# Belgian Cuber Club?



## Bierproever (Apr 19, 2010)

Is there a club for cubers in Belgium???
And if there isn't, maybe in the Benelux???


----------



## Bierproever (Apr 21, 2010)

No belgian cubers here??


----------



## Am1n- (Apr 21, 2010)

why?


----------



## Bierproever (Apr 21, 2010)

Don't know any ^^


----------



## Pietersmieters (Apr 21, 2010)

I'm a Belgian cuber, Tobias Danneels and some others are Belgian too


----------



## Cubenovice (Apr 21, 2010)

Dutch guy living in Belgium...
Does that count?

Anyway, I see that you are coming to the belgian open, there will be some belian cubers.

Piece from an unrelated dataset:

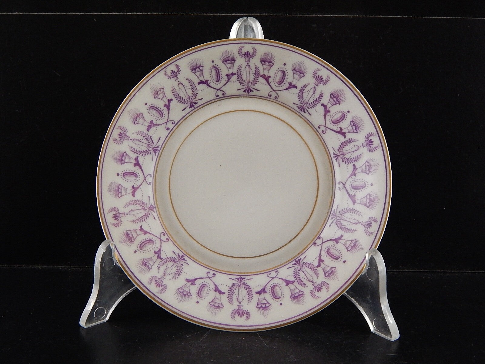 In questa inserzione viene presentata un'antica tazza da tè in stile impero realizzata in porcellana bianca e decorata a mano in viola e oro zecchino
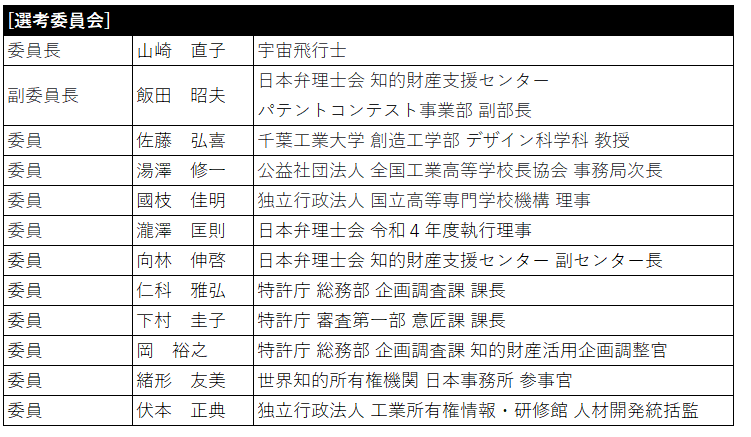このコンテストで優秀賞に選出された応募作品は、特許権および意匠権の出願支援対象となり、日本弁理士会の

I think there are already about ten on the participant list.


----------



## Dene (Apr 22, 2010)

Lars Vandenbergh is a very promiment and well known Belgian cuber. He posts on here as jazzthief81.


----------



## SimonV (Mar 13, 2016)

I am a belgian cuber


----------



## AlexvanVugt (Mar 21, 2016)

I am an Australian cuber, but I used to live in Belgium(as you can probalbly tell by my name). Not that anyone cares, but nice to know there are some Belgian cubers out there.


----------